To be clear, this was not about throwing away what we had. It was about being very focussed in identifying the products we felt:

  1. Could clearly see solve a problem in the market.
  1. Could be differentiated from our competition.
  1. Met the needs of our Core Customer.

Who is the Core Customer

The Core Customer then becomes an interesting definition. The most important being that this is a real person buying who was buying our product, not a company.  

Once you have identified there is a market need for your product then there has to be a buying persona who is actually buying. The buying persona for each product has; a description, needs, and drivers.

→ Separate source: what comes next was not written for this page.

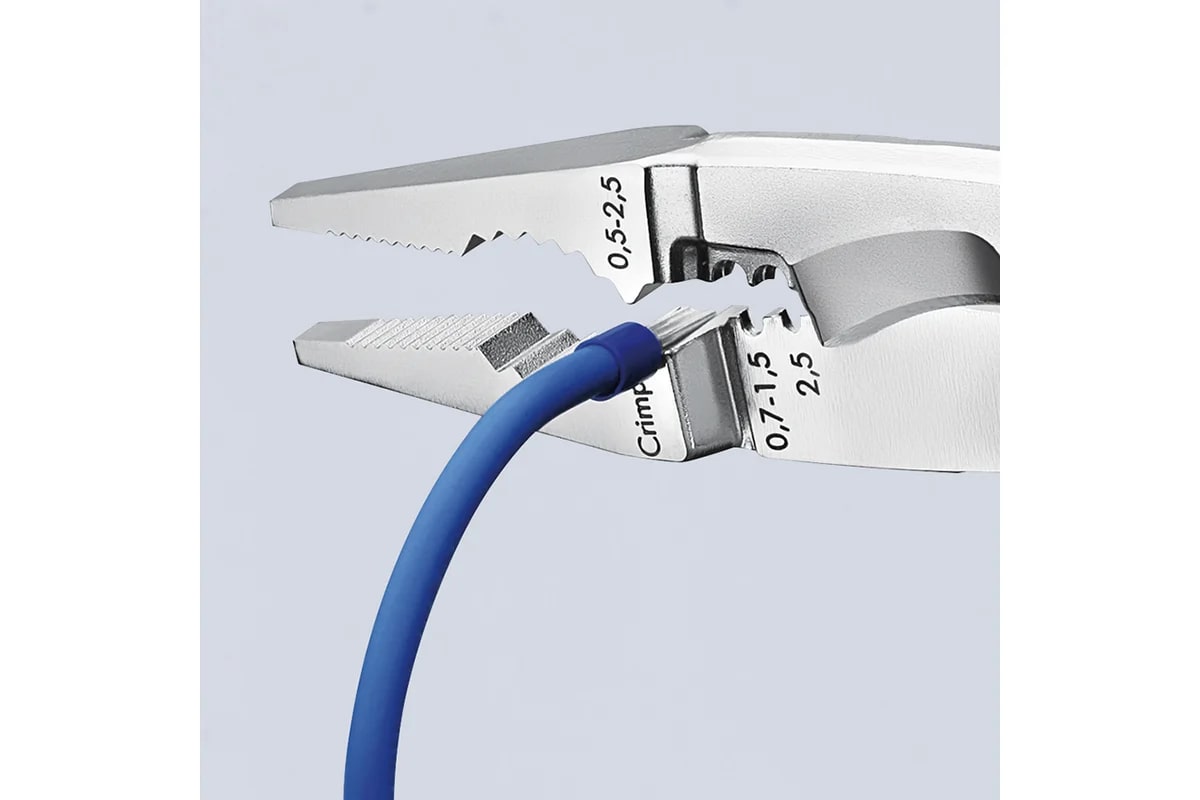 Многофункциональные клещи для электромонтажных работ- для захвата плоского и круглого материала, гибки, удаления заусенцев, резки кабеля, удаления изоляции и опрессовки контактных гильз

We identified two groups and four personas that would become our key focus for growth:

  1. Planners
  1. Marketing Planner
  1. Sales Planner
  1. Fixers
  1. Marketing Fixers
  1. Sales Fixers

Planners are the people who decide what the business is going to do (strategy). Fixers are the implementers of the what the Planners decided (tactical).  

What became clear to us was that most purchase orders for our products was with the Fixers. This meant products targeted at this persona needed to be highly outcome focused. However, the influence on what products should be used to solve a market problem was with the Planners. Products targeted at this persona, whilst showing an outcome, also needed to show how they supported a wider strategy.

Each product had messaging developed that addressed:

  1. What problem the product solved for the persona.  
  1. How we delivered the product as it related to each persona.
  1. The outcomes based on the persona’s key drivers.

From these three elements within the frame of the market need, the self-limiting factors began to quickly erode.

  1. Our marketing and sales outreach was focussed on communicating our differentiated offer.
  1. Our delivery teams were trained to deliver on that offer.
  1. We knew the skills and experience needed in sales and delivery people to scale the offer.
  1. We knew the customer needs to be able to deliver a great CX.

A strategy to scale  

A strategy to address scaling requires effort. It requires a business to move from a reactive environment. This is where the business today responds to the customer’s need of the day.

The move is to a proactive environment. This is where the problem the products solve in the market is predefined. The core customer persona is known and proactively targeted.  

An important aspect in a scaling strategy process is the inclusion of the leadership team and, where possible, customer facing managers in defining the core customer persona. Understanding the needs and drivers is not something gathered only from the sales teams. Anybody who is involved in delivering a great customer experience to this persona has valuable insight.  

If you recognise these self-limiting factors in your business, there is a methodology that can be applied. It can identify the right products to scale and deliver core customers a path to achieve scalable growth.